I bought it because these projects are actually useful; my daughter needs a toybox, which could be an upscaled version of the handmade box once I've made them. We don't have any pool chairs, so the Adirondack chairs will be perfect. The plans for the coffee table, she claims, are easy to upscale if you'd rather have a dining table. Guess what - we have no dining table at the moment. And the bookcases... well, it's my dream to turn my family room into a Craftsman-style library some day.
The book isn't perfect - I think whoever edited it was not a woodworker. I've already found a few disappointing mistakes. In the first instruction ever given, she instructs you to cut the wrong size board (the 3.5 board, when it should have been the 5.5 board), as previously noted in some reviews. In one of the skill-builders (which are strangely inserted randomly throughout the project, instead of being placed handily right before you're going to need them to complete the next step) she instructs you on how to polish your chisels by asking you to buy 8 ascending grits of wet-dry sandpaper and gluing them, one sheet to a side, onto two sheets of glass (you do the math.) Second, because she's been a woodworker for so long she tends to call for fairly specialized tools.... or maybe my local Lowe's is just particularly crappy. (I couldn't find a Japanese backsaw, or panel clamps, or a honing guide for sharpening my chisels.)

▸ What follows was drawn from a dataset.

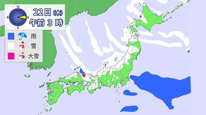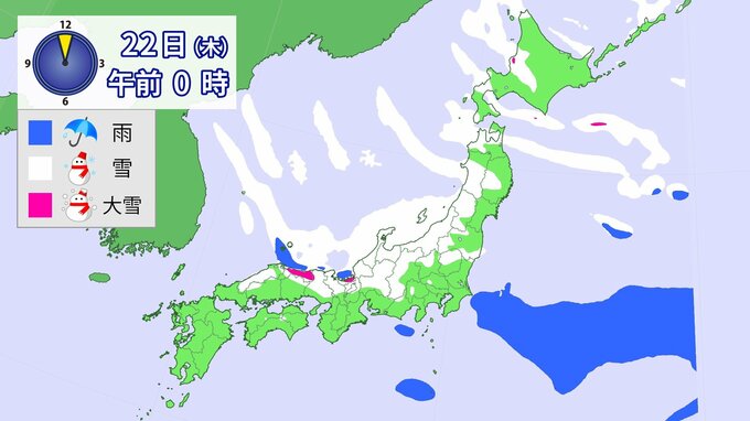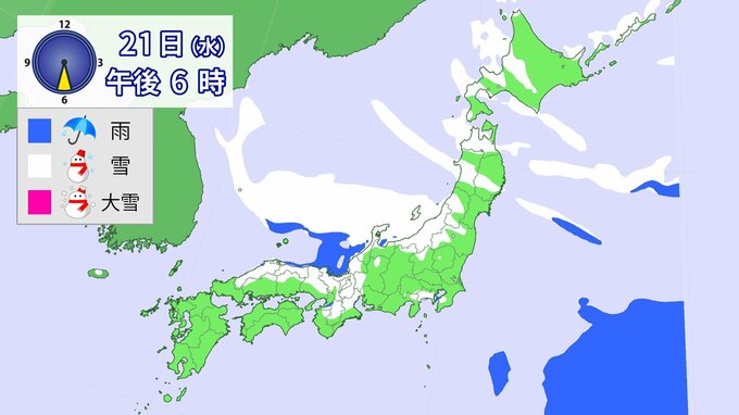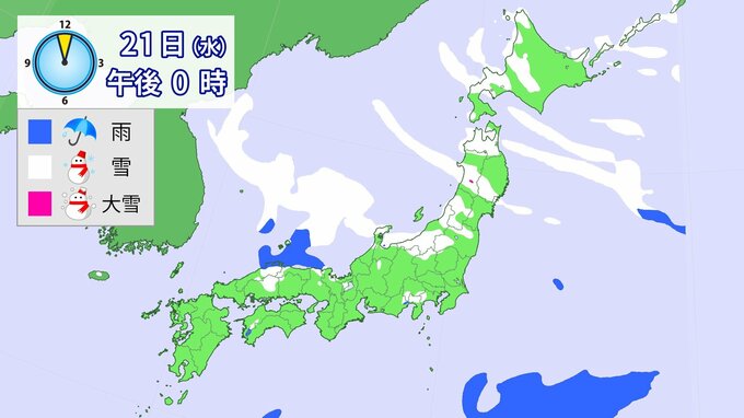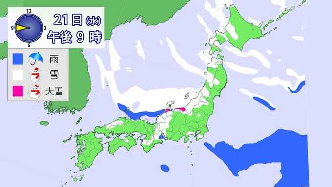 【大雪情報】降雪シミュレーション 1月21日~24日まで 2026年1月21日(水) 10:35 国内 21日午前6時~22日6時までに予想される24時間降雪量(多い所) 北海道地方 50センチ 東北地方 60センチ 関東甲信地方 50センチ 北陸地方 80センチ 東海地方 40センチ 近畿地方 70センチ 中国地方 70センチ

Regardless, it is way better than the book that I bought along with it, Woodworking for Dummies, which already assumes that you own all the high-end power tools (such as a planer, etc). I think the errors are easy to work around if you don't trust her blindly, and the step-by-step instruction throughout various skill levels is invaluable. This book is well worth the money spent and I'm glad I stumbled across it.
Good beginner book, July 22, 2006
I really like this book. The projects build skills used in later projects. The reason I did not give it 5 stars was the descriptions for some of the steps in project making. I found them hard to follow, requiring several readings. I also think that there is a typo on step one on page 65.
The skill building sections, however, were first rate. I liked the section on hand tool sharpening.
All in all a good book
Mark
Disappointed in errors, February 23, 2005
I was very excited to get my hands on this book after reading some of the material covered. I have a woodworking background from a long, long time ago, but wanted a good refresher since so much has changed since the last time I held a block plane in my hand. I am currently finishing up the first project and am extremely disappointed in this book. The errors contained in the first few steps didn't become apparent until several steps later, causing me to basically toss aside my first few pieces of work. This is never a good way to start for a "beginner" like myself. I am going to have to draw up my own plans and do all of the calculating and measuring myself, since the author and editor can't provide it.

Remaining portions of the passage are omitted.